| Exercise requirements |
Copy the entries without a single change. Pictures should be dropped.

··· Supplied records

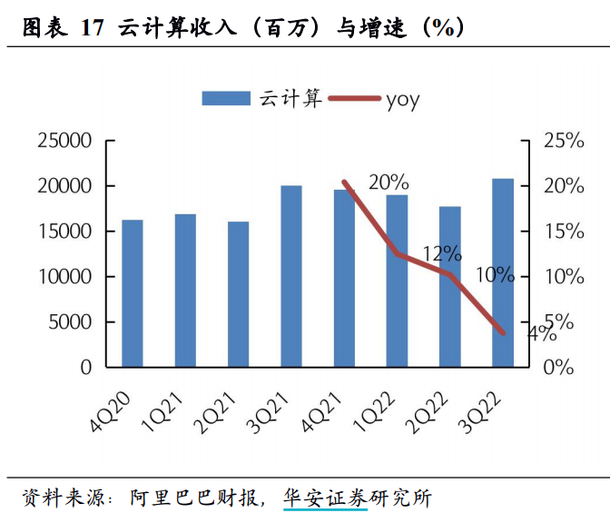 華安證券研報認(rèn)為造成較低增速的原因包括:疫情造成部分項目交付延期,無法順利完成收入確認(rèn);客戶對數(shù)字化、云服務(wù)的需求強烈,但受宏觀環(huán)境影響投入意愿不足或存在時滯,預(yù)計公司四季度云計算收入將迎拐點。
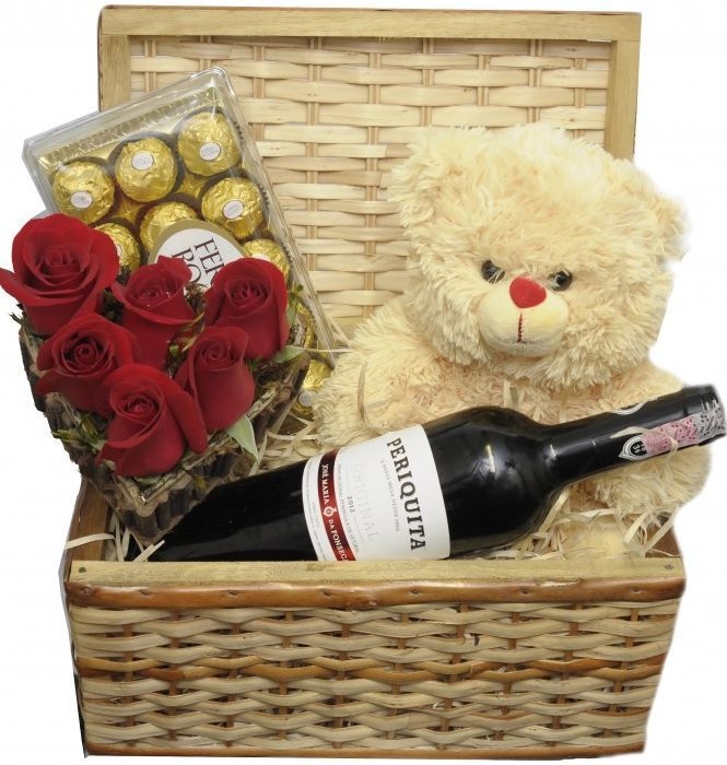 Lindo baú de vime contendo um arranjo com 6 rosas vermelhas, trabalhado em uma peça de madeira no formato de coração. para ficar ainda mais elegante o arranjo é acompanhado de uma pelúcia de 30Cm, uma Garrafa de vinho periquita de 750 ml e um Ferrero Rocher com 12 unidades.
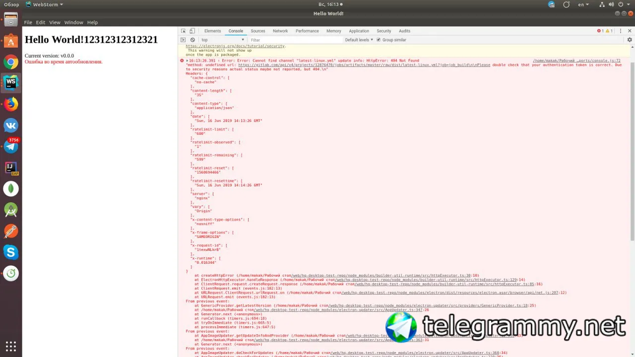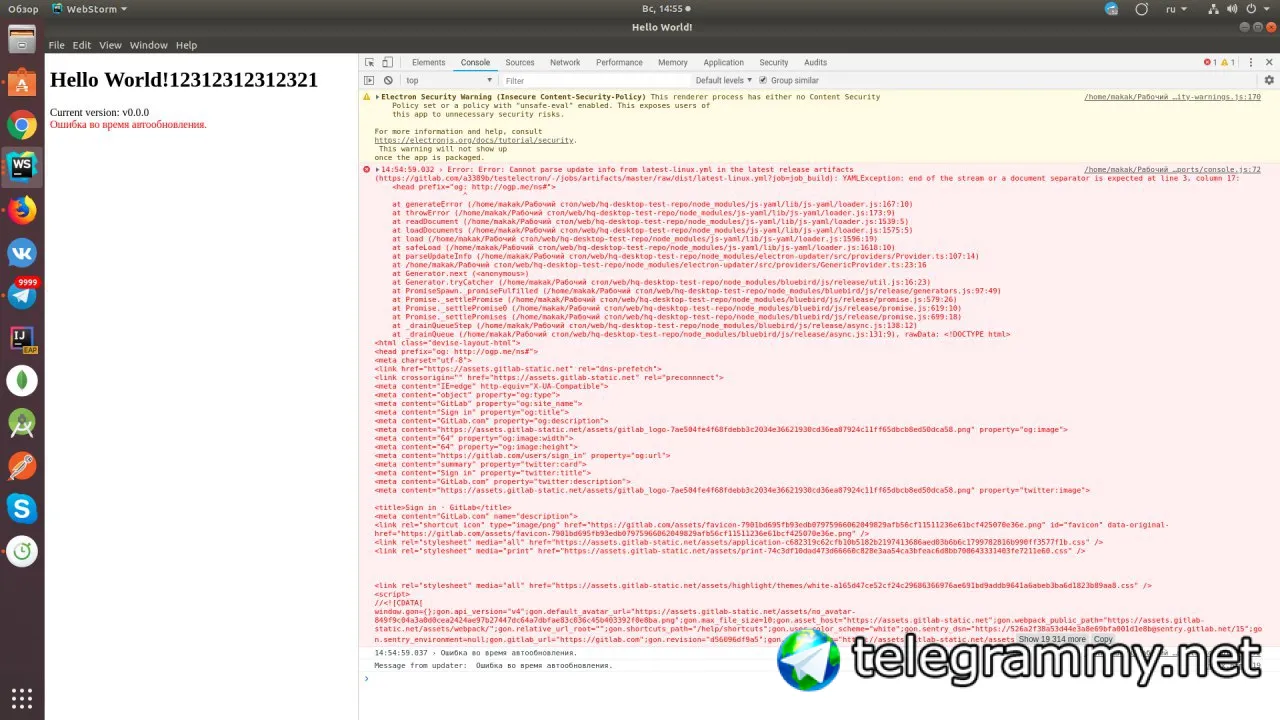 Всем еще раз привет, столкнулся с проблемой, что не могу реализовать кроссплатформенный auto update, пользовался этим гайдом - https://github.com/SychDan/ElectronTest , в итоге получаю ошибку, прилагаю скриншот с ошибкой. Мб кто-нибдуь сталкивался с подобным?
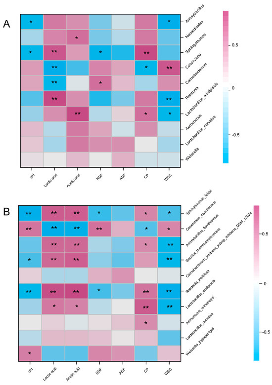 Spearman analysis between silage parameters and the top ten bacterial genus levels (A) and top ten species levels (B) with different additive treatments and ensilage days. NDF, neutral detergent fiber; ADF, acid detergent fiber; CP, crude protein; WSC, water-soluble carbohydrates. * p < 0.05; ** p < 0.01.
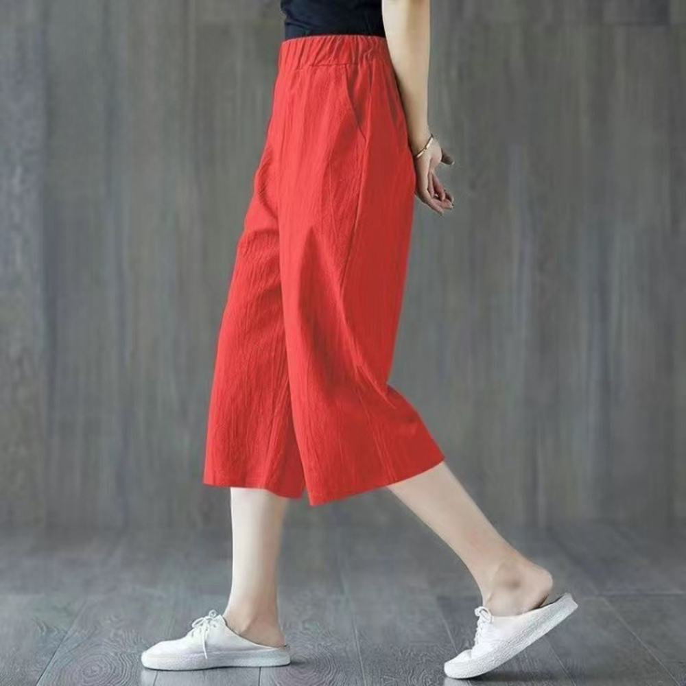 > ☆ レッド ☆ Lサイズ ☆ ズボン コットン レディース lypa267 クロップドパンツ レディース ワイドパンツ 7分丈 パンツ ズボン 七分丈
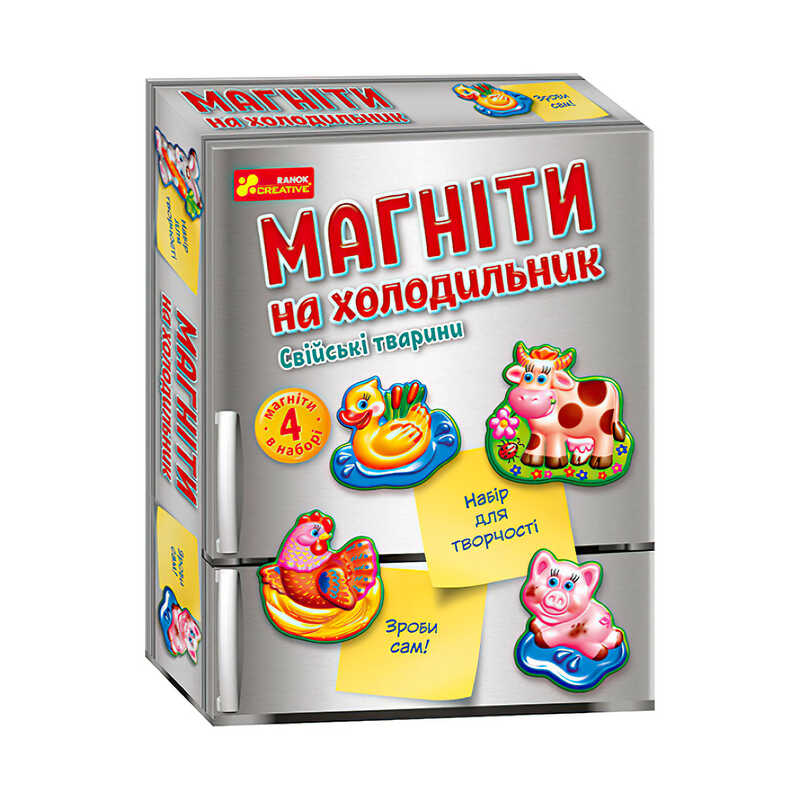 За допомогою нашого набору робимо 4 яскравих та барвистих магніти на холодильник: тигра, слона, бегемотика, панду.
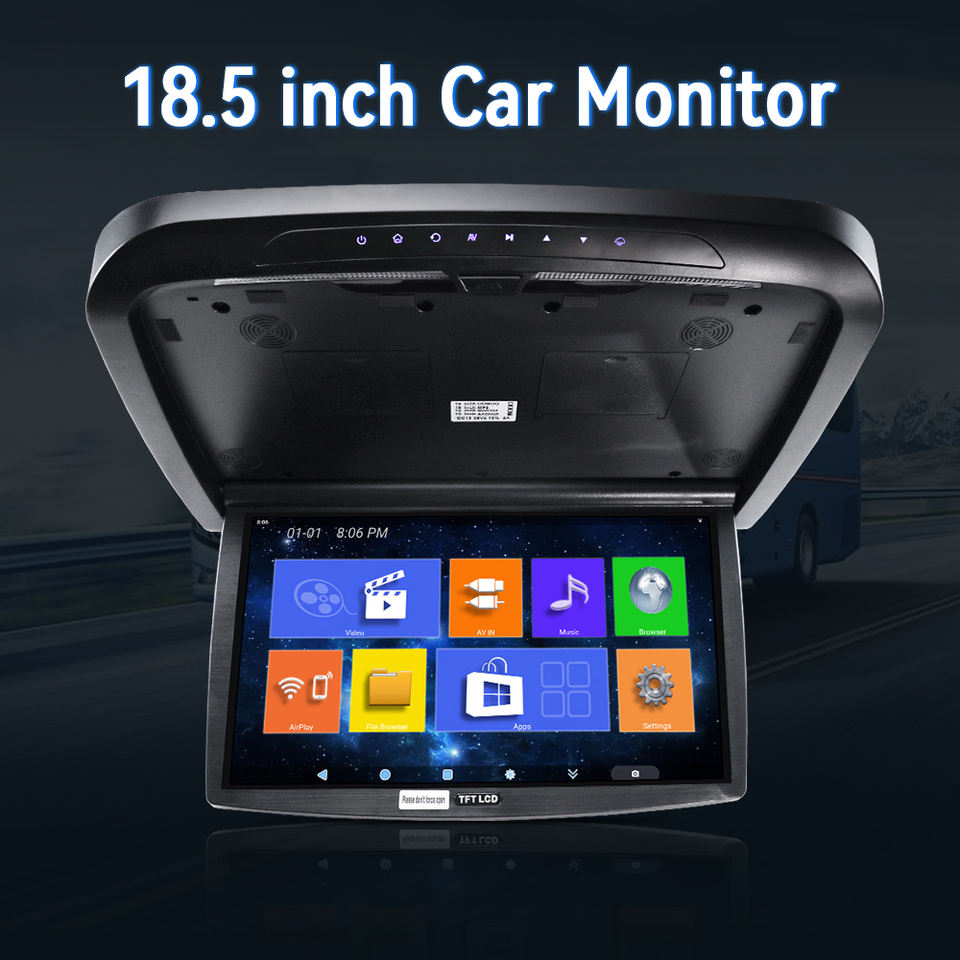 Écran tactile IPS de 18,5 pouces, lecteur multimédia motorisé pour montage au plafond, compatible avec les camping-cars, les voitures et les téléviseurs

······

| Reply to the task |
 華安證券研報認(rèn)為造成較低增速的原因包括:疫情造成部分項目交付延期,無法順利完成收入確認(rèn);客戶對數(shù)字化、云服務(wù)的需求強烈,但受宏觀環(huán)境影響投入意愿不足或存在時滯,預(yù)計公司四季度云計算收入將迎拐點。
 Lindo baú de vime contendo um arranjo com 6 rosas vermelhas, trabalhado em uma peça de madeira no formato de coração. para ficar ainda mais elegante o arranjo é acompanhado de uma pelúcia de 30Cm, uma Garrafa de vinho periquita de 750 ml e um Ferrero Rocher com 12 unidades.
 Всем еще раз привет, столкнулся с проблемой, что не могу реализовать кроссплатформенный auto update, пользовался этим гайдом - https://github.com/SychDan/ElectronTest , в итоге получаю ошибку, прилагаю скриншот с ошибкой. Мб кто-нибдуь сталкивался с подобным?
 Spearman analysis between silage parameters and the top ten bacterial genus levels (A) and top ten species levels (B) with different additive treatments and ensilage days. NDF, neutral detergent fiber; ADF, acid detergent fiber; CP, crude protein; WSC, water-soluble carbohydrates. * p < 0.05; ** p < 0.01.
 > ☆ レッド ☆ Lサイズ ☆ ズボン コットン レディース lypa267 クロップドパンツ レディース ワイドパンツ 7分丈 パンツ ズボン 七分丈
 За допомогою нашого набору робимо 4 яскравих та барвистих магніти на холодильник: тигра, слона, бегемотика, панду.
 Écran tactile IPS de 18,5 pouces, lecteur multimédia motorisé pour montage au plafond, compatible avec les camping-cars, les voitures et les téléviseurs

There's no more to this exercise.